Entries supplied =
=-=-=-=-=

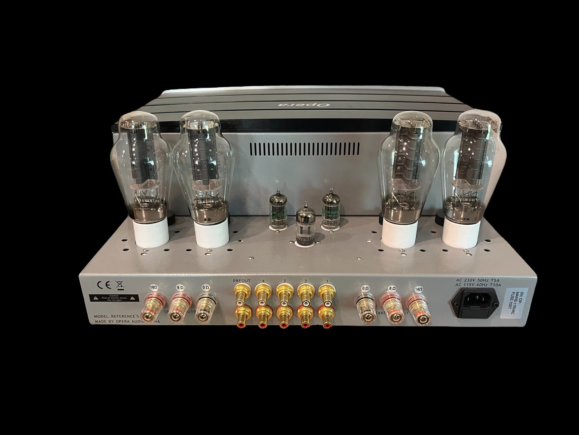 The Consonance Reference5.5 MKII is a limited edition amplifier made by Opera Audio, developed around the legendary 300B power tube with custom output transformers utilizing 8 and 16 ohm taps for modern as well as vintage loudspeakers.
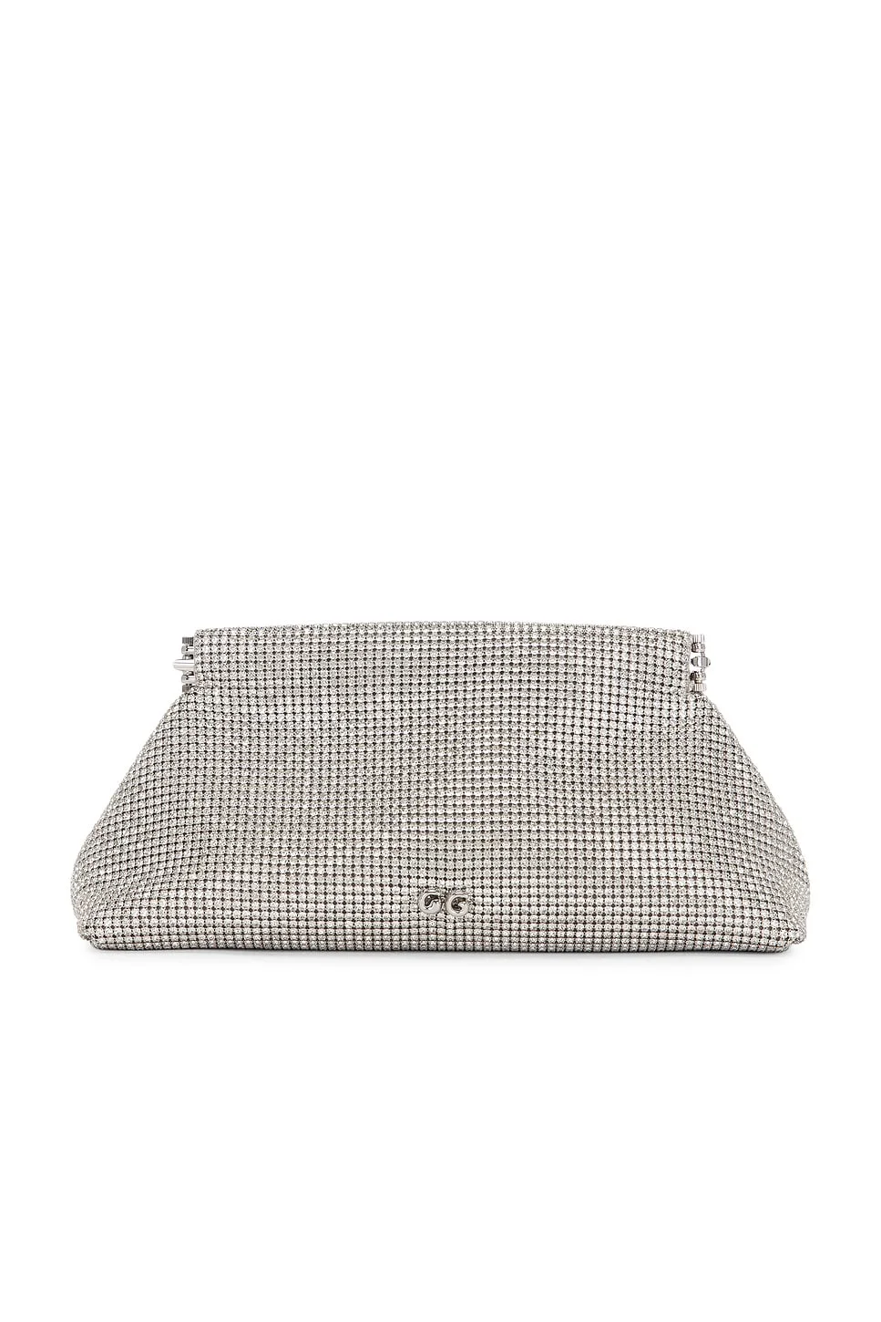- Rhinestone embellished exterior with textile lining and silver-tone hardware - Hinge closure - One main compartment - Measures approx 10.5" W x 5" H x 3.5" D - Revolve Style No. CULG-WY372 - Manufacturer Style No. HB3473CL2301
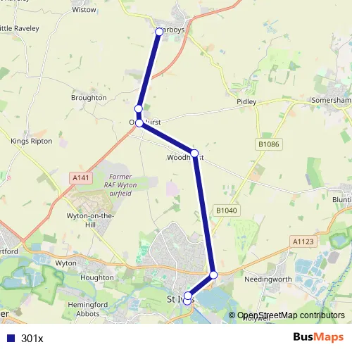 Bus 301x in Warboys: Stops & Timetable
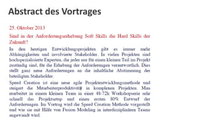 Matthias Pohle diskutiert in seiner Präsentation, wie Softskills in der Anforderungserhebung als essenzielle Hardskills der Zukunft gelten und beschreibt seinen Ansatz zur effizienten Umsetzung von Projekten durch Speed-Creation-Methoden. Diese Methoden fördern interdisziplinäre Zusammenarbeit und beschleunigen den Entwicklungsprozess, indem sie klare Erwartungen und ein gemeinsames Verständnis zwischen den Stakeholdern schaffen. Die Ergebnisse zeigen, dass Speed Creation den Zeitaufwand für die Entwicklung von Anforderungen signifikant reduziert und die Projektergebnisse verbessert.
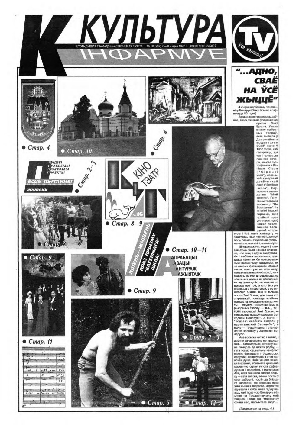 «Культура» — штотыднёвая грамадска-асветніцкая газета. Выдаецца з кастрычніка 1991 года ў Мінску на беларускай мове. Заснавальнік — Міністэрства культуры Рэспублікі Беларусь. З 2002 года з'яўляецца часткай рэдакцыйна-выдавецкай ўстановы «Культура і мастацтва», куды ўваходзіць разам з часопісам «Мастацтва». Галоўныя рэдактары: Вольга Іпатава (1991—1995), Людміла Крушынская (1995—2012), Сяргей Трафілаў (2012—2017), Ілья Сін (з 2017).<a hr... Болей »
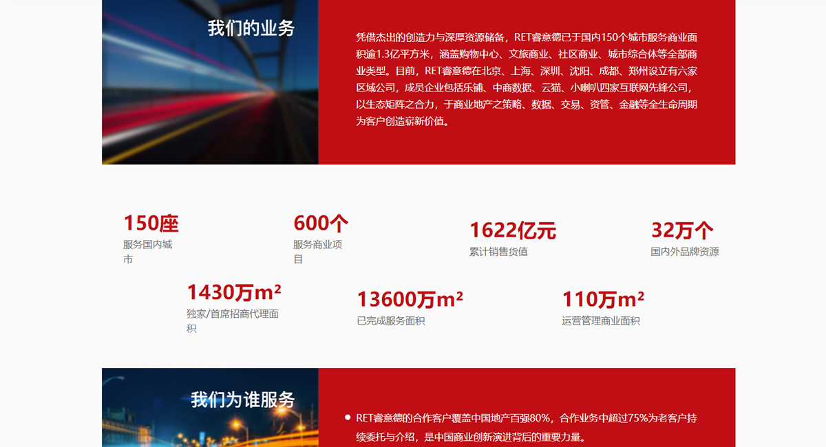 RET睿意德是中國商業(yè)數(shù)字化服務(wù)引領(lǐng)者,亦是持續(xù)推動行業(yè)革新進(jìn)化的領(lǐng)導(dǎo)者。為開發(fā)企業(yè)、公共機(jī)構(gòu)、零售品牌提供項目開發(fā)、租售和運(yùn)營的全過程的策略咨詢和落地執(zhí)行服務(wù)。憑借領(lǐng)先思維和前沿數(shù)字化技術(shù)為領(lǐng)先企業(yè)提升核心競爭力,以及精進(jìn)行業(yè)效能。在我們看來能夠通過合作,成為客戶的價值伙伴,是共同并肩創(chuàng)變行業(yè)的最有效途徑。為每一個項目全力以赴,視客戶目標(biāo)為必達(dá)目標(biāo),為睿意德與客戶提供了應(yīng)用和精進(jìn)我們的創(chuàng)新思維及數(shù)字化力量最難得的機(jī)會,這使得每一個工作日程都因更有挑戰(zhàn),而變得新鮮、有趣,每一次目標(biāo)的達(dá)成,也為著眼于未來的新目標(biāo),帶來更多可能的思考與策略。
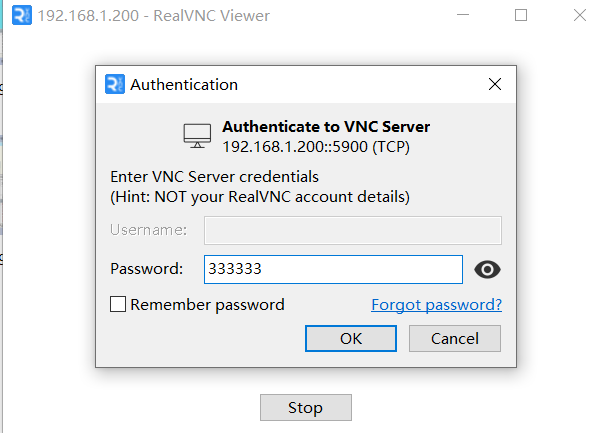 4. 在VncViewer的界面IP输入栏中输入对应机器人的IP地址,回车链接,密码为333333,即可
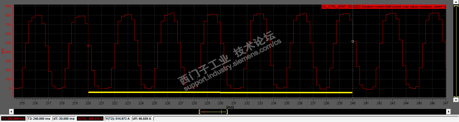 以下是副井从装置的实际电流波形(黄色是一个周期)
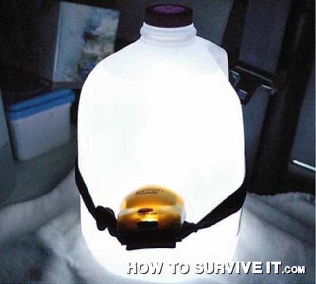 8.用前照灯和白色牛奶/水瓶做一个超亮的灯笼。
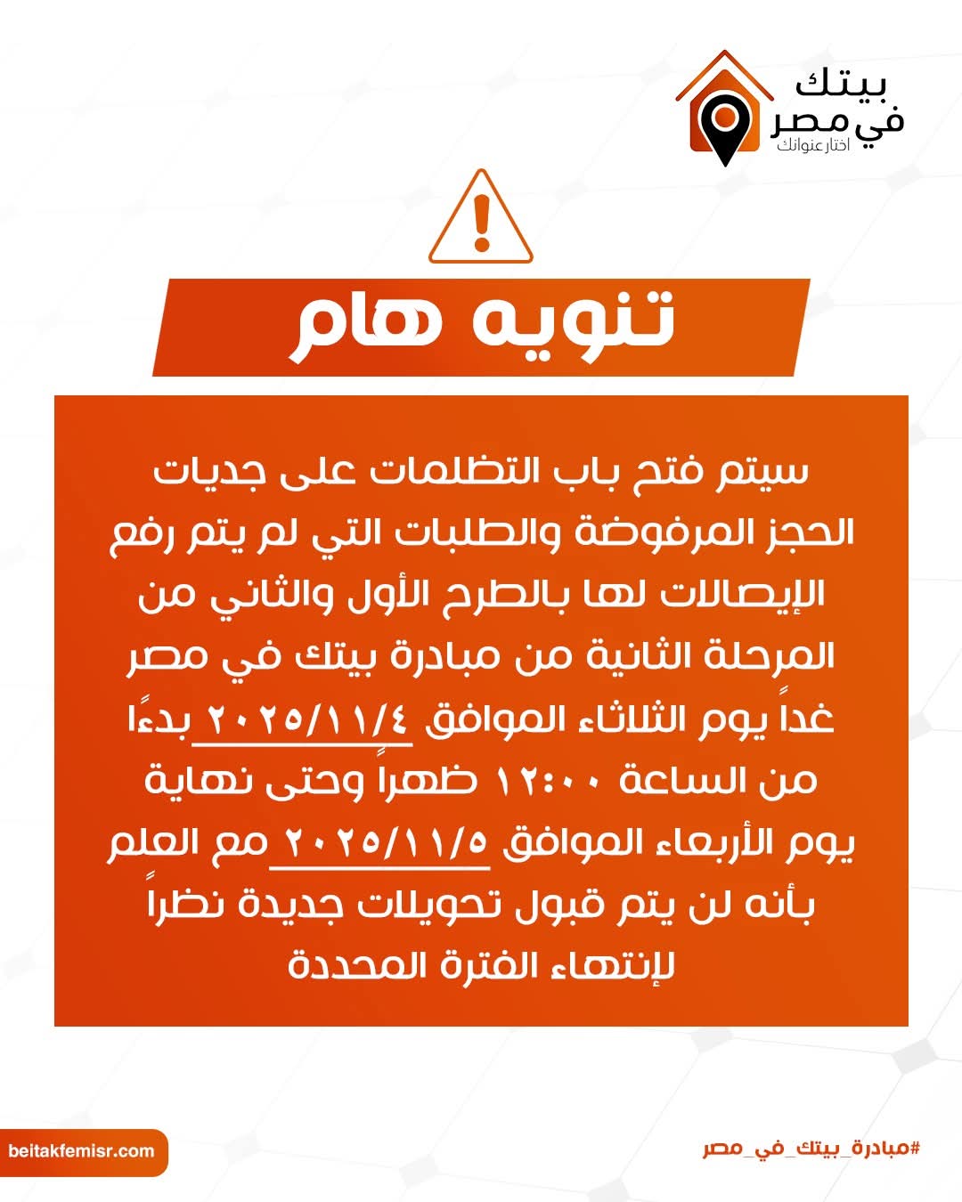 أعلنت مبادرة “بيتك في مصر” عن فتح باب التظلمات على جديات الحجز المرفوضة والطلبات التي لم يتم رفع إيصالات لها ضمن الطرحين الأول والثاني من المرحلة الثانية للمبادرة، وذلك اعتبارًا من يوم الثلاثاء 4 نوفمبر 2025.

=-=-=-=-=

Exercise objective = Once the line with "以下是副井从装置的实际电流波形(黄色是一个周期)" is found, output it and every line after it through the end of the listing, exactly, without pictures.

The answer =
 以下是副井从装置的实际电流波形(黄色是一个周期)
 8.用前照灯和白色牛奶/水瓶做一个超亮的灯笼。
 أعلنت مبادرة “بيتك في مصر” عن فتح باب التظلمات على جديات الحجز المرفوضة والطلبات التي لم يتم رفع إيصالات لها ضمن الطرحين الأول والثاني من المرحلة الثانية للمبادرة، وذلك اعتبارًا من يوم الثلاثاء 4 نوفمبر 2025.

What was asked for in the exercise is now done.